From 1936 Klassen was a member of the Committee for General Welfare and Public Relations of the MB General Conference and in 1941 he took up the role of Secretary of the Military Problems Committee of the Mennonite Congregations of Western Canada.

With David Toews he took part as a Canadian MP at the Mennonite World Conference in Gdansk (1930) and Amsterdam (1936). He was also a member of parliament and speaker at the world conference in Goshen-Newton (1948) and Basel (1952). From 1944 he was a member of the Mennonite Central Committee (MCC) and from 1946 he was a member of its executive committee.

Working in Germany and Europe

Klass's greatest achievement is his work as the European Commissioner for Refugee Aid and Resettlement under the MCC in Europe from December 1945 until his death in 1954. In the last year of his service he was also Director General of MCC's work in Europe.

Klassen was the MCC representative on the committee for cooperation with the German Mennonites, as well as on the board of trustees of the Mennonite Bible School in Basel.

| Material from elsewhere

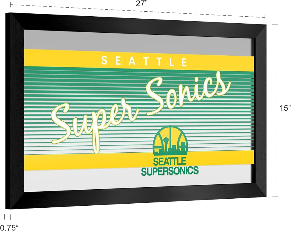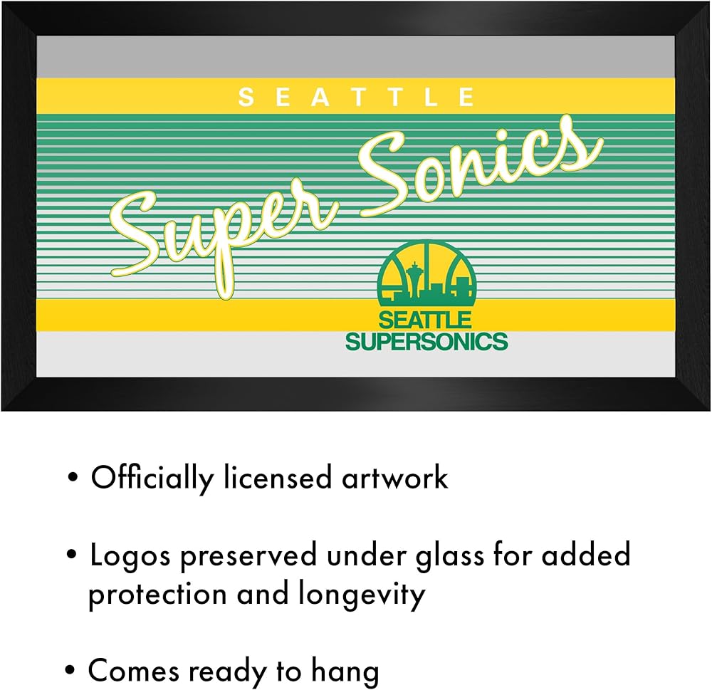 • OFFICIALLY LICENSED MIRROR - This framed mirror features the officially licensed Seattle SuperSonics logo. The authentic artwork is preserved under mirrored glass for a professional look that will last for years to come.

Klassen was a successful diplomat in negotiations with government institutions and international organizations ( UNO , IRO etc.) regarding exit permits, transport and the admission of over 10,000 Mennonites from Russia and several thousand Germans from Galicia and Danzig in Canada , Paraguay and Uruguay .

For the Mennonite refugees in Gdańsk, CF Klassen was the originator and organizer of the building programs in Niederbiber , Espelkamp , Backnang , Enkenbach and Wedel and also a leader in the organization of care for the elderly in Leutesdorf - where he is buried - Enkenbach and Pinneberg .

During the post-war period, Klassen worked in Europe, especially in Germany, as advisers and helpers in the revival of Mennonite community life and in the establishment of organizations such as the Mennonite Foyer in Valdoie-Belfort , France, the Basel Faith Conference and the magazine Der Mennonit , theirs He was editor until 1953.

family

Wife: Mary, b. Brieger

Children: Harold C. Klassen, Walfried C. Klassen, Herbert C. Klassen, Irmgard C. Klassen, Justina "Tinali" Klassen (died as a child).

Klassens Canadian domicile was Winnipeg until 1948 , then Abbotsford , British Columbia.

death

Klassen died on May 8, 1954 in Gronau. Through his tireless efforts he became a symbol for Mennonite hunger and refugee aid and a fighter for a better understanding among the Mennonites of various communities. This was also reflected in his collaboration on the compilation of the Mennonite Encyclopedia , of which he was co-editor from the beginning of the project until his death.

literature

  • Der Mennonit , Issue 7 (1954), pp. 83-87.
  • Mennonitische Rundschau 77, No. 20 (May 19, 1954), pp. 1-5.

Web links

Individual evidence

  1. ^ Gerhard Rempel: Klassen, Cornelius Franz. In: Mennonitisches Lexikon . Volume 5 (MennLex 5).